A current trend in HPC systems is the utilization of architectures with SIMD or vector extensions to exploit data parallelism. There are several ways to take advantage of such modern vector architectures, each with a different impact on the code and its portability. For example, the use of intrinsics, guided vectorization via pragmas, or compiler autovectorization. Our objectives are to maximize vectorization efficiency and minimize code specialization. To achieve these objectives, we rely on compiler autovectorization. We leverage a set of hardware and software tools that allow us to analyze in detail where autovectorization is suboptimal. Thus, we apply an iterative methodology that allows us to incrementally improve the efficient use of the underlying hardware. In this paper, we apply this methodology to a CFD production code. We evaluate the performance on an innovative configurable platform powered by a RISC-V core coupled with a wide vector unit capable of operating with up to 256 double precision elements. Following the vectorization process, we demonstrate a single-core speedup of 7.6$\times$ compared to its scalar implementation. Furthermore, we show that code portability is not compromised, as our solution continues to exhibit performance benefits, or at the very least, no drawbacks, on other HPC architectures such as Intel x86 and NEC SX-Aurora.

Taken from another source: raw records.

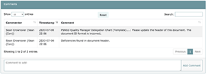 Comments noted on the deficiency feedback form will be show up at the bottom of the task screen in the Comments section. If no other comment besides the general comment was made to documents, an automatic comment by the user who carried out the Self-Audit stating “Although no evidence was marked out of compliance, please check it again” will be included in the Comments section. (See the following screenshot)
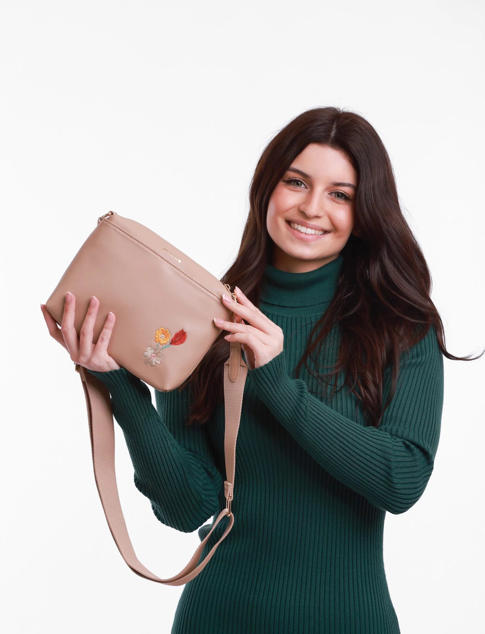 Coalie Flowers je romantická verze klasické kabelky Coalie, která okouzlí detailní květinovou výšivkou. Kombinuje jednoduchý, elegantní tvar s jemným uměleckým zpracováním, které dodává kabelce jedinečný charakter. Uvnitř najdeš praktické uspořádání, zatímco zadní kapsa na magnet ti umožní rychlý přístup k drobnostem. Ideální doplněk pro ty, kdo chtějí spojit nadčasovost s nádechem originality.
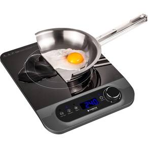 Cooktop por Indução Cadence Perfect Cuisine com controle de temperatura, timer, trava de segurança e superfície de vidro temperado. Aquece diretamente a panela.Luz de calor residual
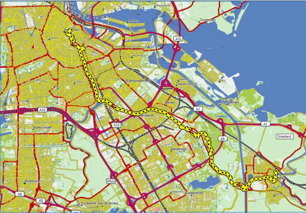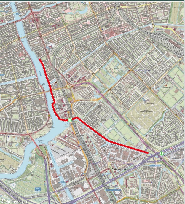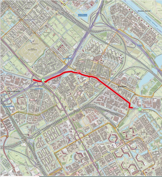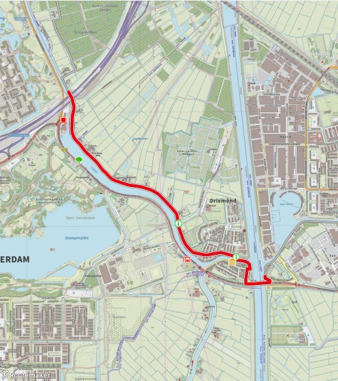 Wandelend langs de Gaasp richting Driemond, daarna over de brug bij Driemond over de Gaasp richting de Weesperbrug over het Amsterdam – Rijnkanaal.
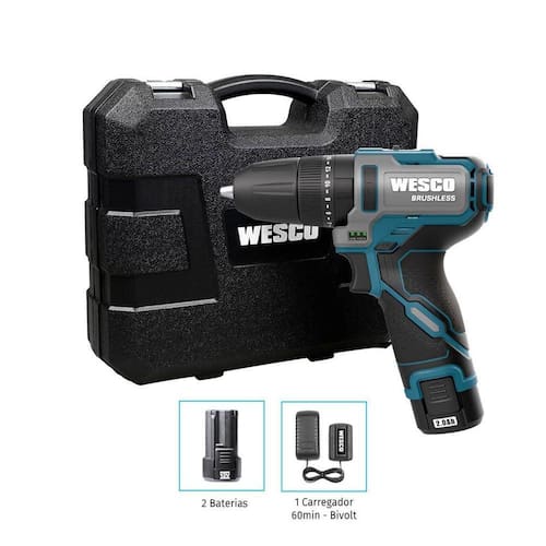 Parafusadeira/furad impacto brushless wesco ws2588k2 12v 2,0h biv 2 batUma das mais potentes da sua categoria, com motor sem escova. Maior praticidade facilitando o acesso a lugares estreitos e durabilidade, acabou de encontrarA ferramenta possui 3 funções: perfurar com e sem impacto e parafusamento.Características:Mandril sem chaveVelocidade variável e reversívelTamanho super compactoIndicador led de carga da bateria(172mm contra as de carvão com 205mm)Capacidade do mandril: 10 mmCapacidade da perfuração máximaAço: 10 mm , madeira 25 mm , alvenaria 10 mmTorque máximo: 38 n.MVelocidade sem carga 0-400/ 0-1650/minTaxa de impacto: 0-6000/ 0-24750bpmNúmero de posições de embreagem: 20+1+110 mm , madeira 25 mm , alvenaria 10 mmPossui garantia de 12 meses.Itens que acompanham:02 baterias01 carregador 60min - bivolt01 maleta
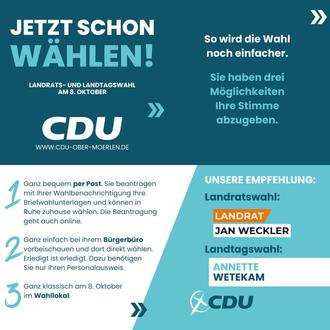 die CDU Ober-Mörlen möchte Sie mit beigefügtem Bild auf die Möglichkeit der Briefwahl hinweisen.

翻译：当前高性能计算系统的发展趋势是利用具有SIMD或向量扩展的架构来开发数据并行性。利用此类现代向量架构存在多种方式，每种方式对代码及其可移植性产生不同影响，例如使用内联函数、通过编译指示引导向量化或编译器自动向量化。我们的目标是最大化向量化效率并最小化代码特化。为实现这些目标，我们依托编译器自动向量化技术，并借助一套硬件与软件工具集来精确分析自动向量化的次优环节。通过采用迭代式方法论，我们能够逐步提升底层硬件的利用效率。本文将这一方法论应用于计算流体力学生产代码，并在基于RISC-V核心的创新可配置平台上进行性能评估，该平台搭载的宽向量单元可支持多达256个双精度元素运算。经过向量化优化后，相较于标量实现版本，我们实现了单核7.6$\times$的加速比。此外，我们的解决方案在保持代码可移植性的同时，在其他高性能计算架构（如Intel x86和NEC SX-Aurora）上仍能保持性能优势或至少无性能损失。